Em nível municipal temos um Presidente/Secretário, Dácio Galvão, que retoma o posto que já ocupara em gestões passadas. Nada mais comum do que achar que o que deve ser feito é o que já havia sido feito. A política de eventos foi retomada com muita força, pois o mesmo é um Gestor irretocável no tocante a Produção Cultural, pagamento de cachês com prazos definidos e com um calendário organizado. Mas existe um movimento nos bastidores da FUNCARTE que pode modificar o modus operandi da atual gestão (haja vista ela está em seu primeiro ano de ação e trabalhando com um orçamento definido na gestão passada), pois uma equipe muito bem preparada vem trabalhando para dar início à criação do Plano e do Sistema Municipais de Cultura, e que pode nos deixar um legado importante e que levará a administração pública de Natal a executar ações definidas pela Sociedade Civil. Artistas, apreciadores, produtores, críticos, pesquisadores e demais atores sociais deverão estar envolvidos em um processo democrático de elaboração desses documentos e dessas ações. Por isso não posso dizer que dessa gestão há de se esperar coisas boas, mas posso dizer que há de se cobrar coisas boas.

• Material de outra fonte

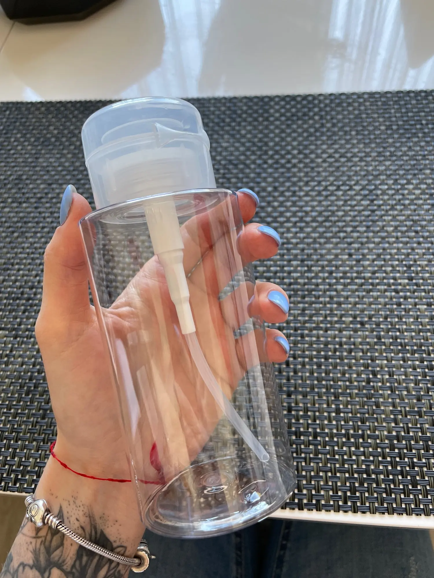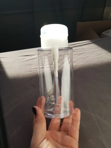 Баночка хорошая, плотный пластик, не гнётся . Брала для средства для снятия макияжа, если средство двухкомпонентное с маслом, то приходится взбалтывать бутылочку и немного капель вылетает если пальцем не придерживать отверстые. К продавцу и товару претензий нет
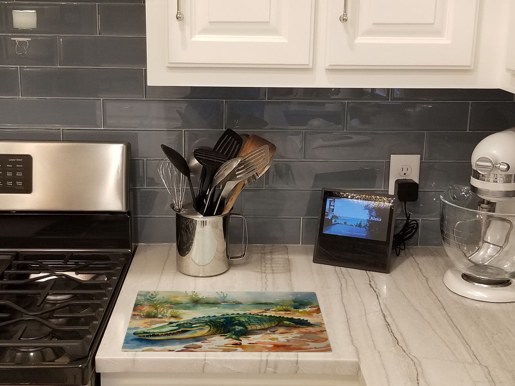 Decorate your space with our Alligator artwork on a Cutting Board. Introduce your kitchen to the vibrant, large Decorative Glass Cutting Board from Caroline's Treasures. Crafted from resilient tempered glass, this board is not only a utilitarian necessity but also a colorful art piece. With its generous dimensions of 15 inches in height and 12 inches in length, it offers ample space for all your cutting needs. Every piece showcases captivating artwork from distinguished artists, bringing an aesthetic edge to your kitchen. Beyond its attractive design, this cutting board ensures your countertop stays pristine and unscathed, owing to its heat-resistant properties. Engineered with user convenience in mind, it features non-skid feet for stability, and rounded corners for additional safety. Its robust construction renders it virtually unbreakable, guaranteeing longevity. The board comes with protective feet bumpers, maintaining its position during use. This product is recommended to be hand washed only. Proudly printed and assembled in the United States, this cutting board exemplifies superior craftsmanship. With Caroline's Treasures' Decorative Glass Cutting Board, you're investing in a blend of functionality and artistic flair.

No tocante ao financiamento precisamos avançar muito, tanto no aumento do repasse das verbas, como nos modelos de distribuição das mesmas, em níveis federal, estadual e municipais.

Fonte: http://issuu.com/evilasiojunior/docs/revista_folhetim_-_edi____o_n___0_-

O referido texto foi escrito para a Revista Folhetim, que foi fruto do trabalho de conclusão de curso de Evilásio Júnior e Kamila Álvares, âmbos do Curso de Comunicação Social – Jornalismo da UFRN em dezembro de 2013.